Isolation forest final stage very slow and single threaded
See original GitHub issueDescription
Isolation forest final stage very slow and single threaded.
This is an issue I get quite frequently. I’ll train an isolation forest on a decently large data set (say order 1M to 100M records, around 50 features), and it will run rapidly and in parallel with nearly 100% CPU utilization. I’ll get the output like the following:
[Parallel(n_jobs=30)]: Using backend LokyBackend with 30 concurrent workers.

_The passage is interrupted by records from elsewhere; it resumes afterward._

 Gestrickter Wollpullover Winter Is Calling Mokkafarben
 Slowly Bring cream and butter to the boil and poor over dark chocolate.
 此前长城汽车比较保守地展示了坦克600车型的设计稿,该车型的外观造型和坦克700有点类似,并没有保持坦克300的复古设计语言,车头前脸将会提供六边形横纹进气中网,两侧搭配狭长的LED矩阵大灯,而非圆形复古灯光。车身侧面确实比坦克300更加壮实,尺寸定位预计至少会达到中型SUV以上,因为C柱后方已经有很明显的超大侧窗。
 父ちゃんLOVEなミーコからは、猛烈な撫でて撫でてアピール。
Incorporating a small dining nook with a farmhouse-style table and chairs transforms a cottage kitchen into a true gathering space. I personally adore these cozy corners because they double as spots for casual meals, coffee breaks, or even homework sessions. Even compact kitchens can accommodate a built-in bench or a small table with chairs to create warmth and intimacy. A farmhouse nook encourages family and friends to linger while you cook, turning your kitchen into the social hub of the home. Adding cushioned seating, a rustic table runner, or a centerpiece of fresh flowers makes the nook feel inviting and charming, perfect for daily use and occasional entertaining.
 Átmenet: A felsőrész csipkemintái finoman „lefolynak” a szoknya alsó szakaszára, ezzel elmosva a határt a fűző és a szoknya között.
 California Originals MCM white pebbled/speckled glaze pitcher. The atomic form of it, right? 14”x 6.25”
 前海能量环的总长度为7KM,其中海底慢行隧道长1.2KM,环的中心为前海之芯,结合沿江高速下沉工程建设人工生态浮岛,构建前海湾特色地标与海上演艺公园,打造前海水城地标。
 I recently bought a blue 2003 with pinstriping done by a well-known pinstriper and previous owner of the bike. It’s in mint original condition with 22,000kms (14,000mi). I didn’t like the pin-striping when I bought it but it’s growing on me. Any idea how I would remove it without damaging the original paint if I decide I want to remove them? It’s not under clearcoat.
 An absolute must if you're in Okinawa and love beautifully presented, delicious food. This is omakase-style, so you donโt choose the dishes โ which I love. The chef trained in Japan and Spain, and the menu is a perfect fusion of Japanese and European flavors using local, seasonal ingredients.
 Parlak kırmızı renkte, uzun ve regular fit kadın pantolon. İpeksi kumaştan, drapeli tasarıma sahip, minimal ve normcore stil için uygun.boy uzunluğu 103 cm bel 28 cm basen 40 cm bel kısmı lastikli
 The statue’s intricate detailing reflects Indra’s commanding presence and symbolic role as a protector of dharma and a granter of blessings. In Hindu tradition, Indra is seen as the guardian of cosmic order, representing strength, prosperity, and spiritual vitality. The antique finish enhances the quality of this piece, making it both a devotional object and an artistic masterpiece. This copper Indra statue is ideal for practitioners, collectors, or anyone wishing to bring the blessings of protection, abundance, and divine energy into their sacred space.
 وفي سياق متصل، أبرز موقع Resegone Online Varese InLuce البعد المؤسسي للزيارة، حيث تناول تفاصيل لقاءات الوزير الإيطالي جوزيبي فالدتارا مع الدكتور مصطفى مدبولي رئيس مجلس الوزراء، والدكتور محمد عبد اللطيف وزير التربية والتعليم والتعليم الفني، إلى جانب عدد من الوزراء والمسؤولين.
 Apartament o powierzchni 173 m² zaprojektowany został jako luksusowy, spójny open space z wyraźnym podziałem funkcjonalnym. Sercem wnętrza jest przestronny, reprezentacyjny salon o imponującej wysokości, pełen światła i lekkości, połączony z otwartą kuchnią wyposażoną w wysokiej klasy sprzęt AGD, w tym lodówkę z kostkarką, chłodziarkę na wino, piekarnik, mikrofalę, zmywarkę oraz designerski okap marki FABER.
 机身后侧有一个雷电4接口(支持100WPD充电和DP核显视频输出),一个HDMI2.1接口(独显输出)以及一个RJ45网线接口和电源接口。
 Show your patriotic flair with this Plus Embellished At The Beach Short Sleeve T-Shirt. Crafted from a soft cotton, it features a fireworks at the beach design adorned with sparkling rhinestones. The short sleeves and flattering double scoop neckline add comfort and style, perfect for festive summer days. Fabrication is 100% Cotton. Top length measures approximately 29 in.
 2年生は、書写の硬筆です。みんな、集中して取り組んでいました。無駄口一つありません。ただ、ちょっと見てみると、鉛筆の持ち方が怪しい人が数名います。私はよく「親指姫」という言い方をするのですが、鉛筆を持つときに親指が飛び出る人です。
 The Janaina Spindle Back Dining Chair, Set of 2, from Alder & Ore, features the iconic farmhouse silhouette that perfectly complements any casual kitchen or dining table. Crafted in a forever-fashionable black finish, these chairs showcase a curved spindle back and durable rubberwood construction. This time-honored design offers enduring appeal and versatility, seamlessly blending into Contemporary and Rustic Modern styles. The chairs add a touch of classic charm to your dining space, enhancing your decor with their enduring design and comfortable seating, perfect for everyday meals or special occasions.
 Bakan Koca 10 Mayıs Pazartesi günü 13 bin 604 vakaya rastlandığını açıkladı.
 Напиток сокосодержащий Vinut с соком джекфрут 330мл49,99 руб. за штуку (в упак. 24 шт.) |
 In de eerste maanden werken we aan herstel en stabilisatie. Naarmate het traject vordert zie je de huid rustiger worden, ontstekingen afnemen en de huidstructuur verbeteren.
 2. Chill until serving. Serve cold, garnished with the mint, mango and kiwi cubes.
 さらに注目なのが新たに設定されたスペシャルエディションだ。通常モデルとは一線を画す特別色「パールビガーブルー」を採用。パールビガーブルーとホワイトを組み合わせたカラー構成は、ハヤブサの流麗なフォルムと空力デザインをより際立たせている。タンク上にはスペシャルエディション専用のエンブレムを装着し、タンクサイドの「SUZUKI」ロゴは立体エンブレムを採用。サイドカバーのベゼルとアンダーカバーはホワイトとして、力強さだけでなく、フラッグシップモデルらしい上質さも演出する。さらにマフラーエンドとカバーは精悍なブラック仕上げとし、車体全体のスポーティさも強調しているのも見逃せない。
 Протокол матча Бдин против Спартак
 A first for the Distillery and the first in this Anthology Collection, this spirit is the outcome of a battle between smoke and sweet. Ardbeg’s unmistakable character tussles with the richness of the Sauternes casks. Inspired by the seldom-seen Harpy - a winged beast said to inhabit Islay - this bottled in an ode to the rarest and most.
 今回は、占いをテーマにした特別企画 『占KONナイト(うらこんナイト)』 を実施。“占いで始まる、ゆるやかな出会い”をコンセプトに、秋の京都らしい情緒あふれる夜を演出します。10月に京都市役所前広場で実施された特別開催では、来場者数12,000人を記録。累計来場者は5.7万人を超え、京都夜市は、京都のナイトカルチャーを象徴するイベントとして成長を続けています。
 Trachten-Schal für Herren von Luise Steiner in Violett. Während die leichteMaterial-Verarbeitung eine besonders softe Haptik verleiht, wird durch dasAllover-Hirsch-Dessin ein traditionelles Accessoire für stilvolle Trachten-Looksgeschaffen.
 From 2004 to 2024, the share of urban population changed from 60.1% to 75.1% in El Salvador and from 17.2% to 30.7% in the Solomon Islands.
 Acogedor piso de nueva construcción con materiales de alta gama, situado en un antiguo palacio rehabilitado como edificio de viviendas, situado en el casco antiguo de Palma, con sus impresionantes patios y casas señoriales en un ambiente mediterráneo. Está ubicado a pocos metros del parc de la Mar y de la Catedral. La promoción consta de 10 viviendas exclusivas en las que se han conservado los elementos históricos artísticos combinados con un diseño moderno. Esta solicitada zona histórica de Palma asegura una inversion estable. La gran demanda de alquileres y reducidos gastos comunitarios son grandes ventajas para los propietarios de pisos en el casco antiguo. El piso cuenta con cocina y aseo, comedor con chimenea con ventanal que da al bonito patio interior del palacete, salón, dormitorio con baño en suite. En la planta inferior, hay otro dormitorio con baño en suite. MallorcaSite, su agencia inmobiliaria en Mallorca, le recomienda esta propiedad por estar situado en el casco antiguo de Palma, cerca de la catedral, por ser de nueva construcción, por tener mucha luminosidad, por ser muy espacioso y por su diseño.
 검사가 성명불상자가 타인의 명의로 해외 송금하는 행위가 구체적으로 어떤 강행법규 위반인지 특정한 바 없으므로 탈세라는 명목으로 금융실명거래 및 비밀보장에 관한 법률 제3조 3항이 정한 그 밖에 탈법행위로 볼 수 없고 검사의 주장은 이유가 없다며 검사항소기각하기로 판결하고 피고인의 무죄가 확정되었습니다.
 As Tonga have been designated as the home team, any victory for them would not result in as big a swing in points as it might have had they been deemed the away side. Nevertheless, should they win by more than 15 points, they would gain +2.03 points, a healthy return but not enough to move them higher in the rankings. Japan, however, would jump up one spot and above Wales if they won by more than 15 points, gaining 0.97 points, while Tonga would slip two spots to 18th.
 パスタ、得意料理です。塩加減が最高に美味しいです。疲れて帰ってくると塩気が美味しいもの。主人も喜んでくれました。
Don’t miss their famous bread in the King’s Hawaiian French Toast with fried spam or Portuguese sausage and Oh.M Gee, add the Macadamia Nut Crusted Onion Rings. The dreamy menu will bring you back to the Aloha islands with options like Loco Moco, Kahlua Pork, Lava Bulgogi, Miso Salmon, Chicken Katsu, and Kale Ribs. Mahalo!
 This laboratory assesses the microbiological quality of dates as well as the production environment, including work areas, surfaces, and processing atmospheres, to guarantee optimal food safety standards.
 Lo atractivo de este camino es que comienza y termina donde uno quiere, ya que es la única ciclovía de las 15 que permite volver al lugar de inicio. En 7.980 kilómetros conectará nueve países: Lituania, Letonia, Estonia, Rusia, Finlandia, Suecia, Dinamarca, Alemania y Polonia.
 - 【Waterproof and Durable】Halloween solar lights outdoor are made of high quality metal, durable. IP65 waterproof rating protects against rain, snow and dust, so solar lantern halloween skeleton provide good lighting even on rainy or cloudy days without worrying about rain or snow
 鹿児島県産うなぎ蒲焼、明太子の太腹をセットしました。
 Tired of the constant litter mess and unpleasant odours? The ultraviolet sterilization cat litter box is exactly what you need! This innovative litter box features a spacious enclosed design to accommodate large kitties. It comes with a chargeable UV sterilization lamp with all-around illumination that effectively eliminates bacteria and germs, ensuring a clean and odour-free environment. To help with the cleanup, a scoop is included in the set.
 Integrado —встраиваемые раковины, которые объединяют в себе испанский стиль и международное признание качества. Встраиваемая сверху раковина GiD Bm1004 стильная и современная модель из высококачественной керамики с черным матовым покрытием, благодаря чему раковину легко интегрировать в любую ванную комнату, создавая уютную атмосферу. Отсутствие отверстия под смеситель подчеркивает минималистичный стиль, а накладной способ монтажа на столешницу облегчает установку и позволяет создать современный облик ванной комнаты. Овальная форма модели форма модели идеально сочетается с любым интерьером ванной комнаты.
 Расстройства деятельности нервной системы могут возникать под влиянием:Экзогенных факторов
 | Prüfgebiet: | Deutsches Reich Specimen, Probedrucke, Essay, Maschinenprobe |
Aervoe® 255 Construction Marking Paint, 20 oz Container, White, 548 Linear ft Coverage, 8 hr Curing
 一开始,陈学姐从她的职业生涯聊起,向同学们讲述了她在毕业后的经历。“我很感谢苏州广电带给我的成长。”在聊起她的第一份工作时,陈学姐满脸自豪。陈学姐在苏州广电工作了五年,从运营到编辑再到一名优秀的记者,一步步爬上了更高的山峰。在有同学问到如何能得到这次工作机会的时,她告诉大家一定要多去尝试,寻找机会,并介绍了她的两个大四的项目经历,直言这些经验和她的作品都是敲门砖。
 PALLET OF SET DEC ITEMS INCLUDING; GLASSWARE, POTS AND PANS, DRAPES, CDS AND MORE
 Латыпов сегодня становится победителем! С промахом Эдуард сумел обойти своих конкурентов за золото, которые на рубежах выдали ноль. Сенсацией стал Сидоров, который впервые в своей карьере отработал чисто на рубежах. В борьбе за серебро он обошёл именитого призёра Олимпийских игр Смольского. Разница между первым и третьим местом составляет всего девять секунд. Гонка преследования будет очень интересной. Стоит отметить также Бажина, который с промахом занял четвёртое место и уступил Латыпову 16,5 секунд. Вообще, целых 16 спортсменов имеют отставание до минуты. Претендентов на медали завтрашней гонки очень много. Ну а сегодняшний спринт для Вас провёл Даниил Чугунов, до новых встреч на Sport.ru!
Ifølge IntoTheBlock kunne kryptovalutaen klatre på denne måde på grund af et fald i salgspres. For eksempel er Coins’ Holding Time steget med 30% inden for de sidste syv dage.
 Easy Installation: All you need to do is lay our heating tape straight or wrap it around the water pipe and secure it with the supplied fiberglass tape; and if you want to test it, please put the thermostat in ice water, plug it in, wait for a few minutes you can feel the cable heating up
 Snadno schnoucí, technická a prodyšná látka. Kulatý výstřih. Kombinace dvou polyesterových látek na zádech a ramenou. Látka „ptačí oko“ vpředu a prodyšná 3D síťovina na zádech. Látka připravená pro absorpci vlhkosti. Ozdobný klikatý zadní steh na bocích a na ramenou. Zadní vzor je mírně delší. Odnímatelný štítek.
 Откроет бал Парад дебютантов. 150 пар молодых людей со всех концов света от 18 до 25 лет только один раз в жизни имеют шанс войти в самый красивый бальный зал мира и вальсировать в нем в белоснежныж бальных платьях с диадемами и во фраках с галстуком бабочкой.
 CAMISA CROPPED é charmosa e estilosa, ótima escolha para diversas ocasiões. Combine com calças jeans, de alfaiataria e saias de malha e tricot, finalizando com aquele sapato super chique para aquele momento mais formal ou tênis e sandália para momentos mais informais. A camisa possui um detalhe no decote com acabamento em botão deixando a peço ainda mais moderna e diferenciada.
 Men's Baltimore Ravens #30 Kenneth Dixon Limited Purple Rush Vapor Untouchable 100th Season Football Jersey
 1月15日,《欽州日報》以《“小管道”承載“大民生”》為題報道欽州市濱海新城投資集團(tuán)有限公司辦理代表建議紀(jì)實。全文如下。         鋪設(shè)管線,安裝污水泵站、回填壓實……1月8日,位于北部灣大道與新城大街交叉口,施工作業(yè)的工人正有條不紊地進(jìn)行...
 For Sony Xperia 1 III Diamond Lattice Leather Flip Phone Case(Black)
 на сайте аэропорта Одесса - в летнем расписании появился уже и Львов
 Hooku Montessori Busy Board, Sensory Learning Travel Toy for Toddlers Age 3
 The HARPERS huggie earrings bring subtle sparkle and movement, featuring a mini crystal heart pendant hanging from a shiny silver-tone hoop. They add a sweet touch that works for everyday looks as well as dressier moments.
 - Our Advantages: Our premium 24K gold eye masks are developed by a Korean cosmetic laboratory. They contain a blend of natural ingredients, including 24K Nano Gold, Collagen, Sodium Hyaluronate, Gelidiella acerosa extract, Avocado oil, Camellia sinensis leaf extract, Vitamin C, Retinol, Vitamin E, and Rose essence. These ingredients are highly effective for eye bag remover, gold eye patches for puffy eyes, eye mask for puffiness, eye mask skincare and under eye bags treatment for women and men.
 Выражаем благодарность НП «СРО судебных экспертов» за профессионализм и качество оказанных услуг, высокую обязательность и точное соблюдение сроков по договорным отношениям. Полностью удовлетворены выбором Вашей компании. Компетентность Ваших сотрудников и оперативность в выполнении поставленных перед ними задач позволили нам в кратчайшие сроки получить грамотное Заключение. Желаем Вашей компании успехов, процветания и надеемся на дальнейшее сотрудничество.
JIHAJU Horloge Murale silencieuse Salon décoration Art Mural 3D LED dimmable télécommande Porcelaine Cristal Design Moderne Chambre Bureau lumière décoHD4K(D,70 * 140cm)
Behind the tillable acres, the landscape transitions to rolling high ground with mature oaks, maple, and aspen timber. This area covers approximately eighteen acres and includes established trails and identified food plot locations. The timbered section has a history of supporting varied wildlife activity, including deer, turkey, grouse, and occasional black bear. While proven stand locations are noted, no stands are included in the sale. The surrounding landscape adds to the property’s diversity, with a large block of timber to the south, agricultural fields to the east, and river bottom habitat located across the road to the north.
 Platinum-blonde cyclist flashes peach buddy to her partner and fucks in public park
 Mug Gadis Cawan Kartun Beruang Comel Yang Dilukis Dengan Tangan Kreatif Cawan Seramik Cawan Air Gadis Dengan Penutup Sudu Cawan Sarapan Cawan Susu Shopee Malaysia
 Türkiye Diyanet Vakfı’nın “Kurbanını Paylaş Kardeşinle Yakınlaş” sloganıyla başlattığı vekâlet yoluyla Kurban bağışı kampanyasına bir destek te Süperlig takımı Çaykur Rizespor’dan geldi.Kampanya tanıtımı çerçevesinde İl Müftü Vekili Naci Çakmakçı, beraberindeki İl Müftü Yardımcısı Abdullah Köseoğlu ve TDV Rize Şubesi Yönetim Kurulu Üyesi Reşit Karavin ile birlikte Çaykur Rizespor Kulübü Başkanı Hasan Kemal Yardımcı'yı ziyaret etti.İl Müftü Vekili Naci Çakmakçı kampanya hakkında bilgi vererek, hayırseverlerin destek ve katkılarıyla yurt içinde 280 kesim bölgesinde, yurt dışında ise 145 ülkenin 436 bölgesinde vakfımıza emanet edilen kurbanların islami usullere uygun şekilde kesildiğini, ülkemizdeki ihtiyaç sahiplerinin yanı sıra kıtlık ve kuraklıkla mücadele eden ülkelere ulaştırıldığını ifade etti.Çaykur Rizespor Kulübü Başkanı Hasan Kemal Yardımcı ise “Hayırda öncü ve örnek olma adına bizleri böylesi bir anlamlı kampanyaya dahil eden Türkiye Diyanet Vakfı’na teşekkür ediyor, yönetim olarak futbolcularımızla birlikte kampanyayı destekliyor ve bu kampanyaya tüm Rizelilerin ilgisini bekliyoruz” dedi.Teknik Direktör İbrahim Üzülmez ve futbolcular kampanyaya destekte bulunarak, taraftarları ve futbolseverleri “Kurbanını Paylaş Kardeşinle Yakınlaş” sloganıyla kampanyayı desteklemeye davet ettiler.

[Parallel(n_jobs=30)]: Done 3 out of 30 | elapsed: 17.9s remaining: 2.7min
[Parallel(n_jobs=30)]: Done 7 out of 30 | elapsed: 18.5s remaining: 1.0min
[Parallel(n_jobs=30)]: Done 11 out of 30 | elapsed: 19.4s remaining: 33.5s
[Parallel(n_jobs=30)]: Done 15 out of 30 | elapsed: 19.7s remaining: 19.7s
[Parallel(n_jobs=30)]: Done 19 out of 30 | elapsed: 20.0s remaining: 11.6s
[Parallel(n_jobs=30)]: Done 23 out of 30 | elapsed: 20.2s remaining: 6.2s
[Parallel(n_jobs=30)]: Done 27 out of 30 | elapsed: 20.9s remaining: 2.3s
[Parallel(n_jobs=30)]: Done 30 out of 30 | elapsed: 21.5s finished
And then it will run for a very long time (10x as long? more?) on a single core, and eventually finalize. Often I’ll get progress statements all printed simultaneously at the end when the task completes:
Building estimator 1 of 3 for this parallel run (total 100)...
Building estimator 2 of 3 for this parallel run (total 100)...
Building estimator 3 of 3 for this parallel run (total 100)...
...
I presume that’s from parallel processes or threads printing to stdout without flushing.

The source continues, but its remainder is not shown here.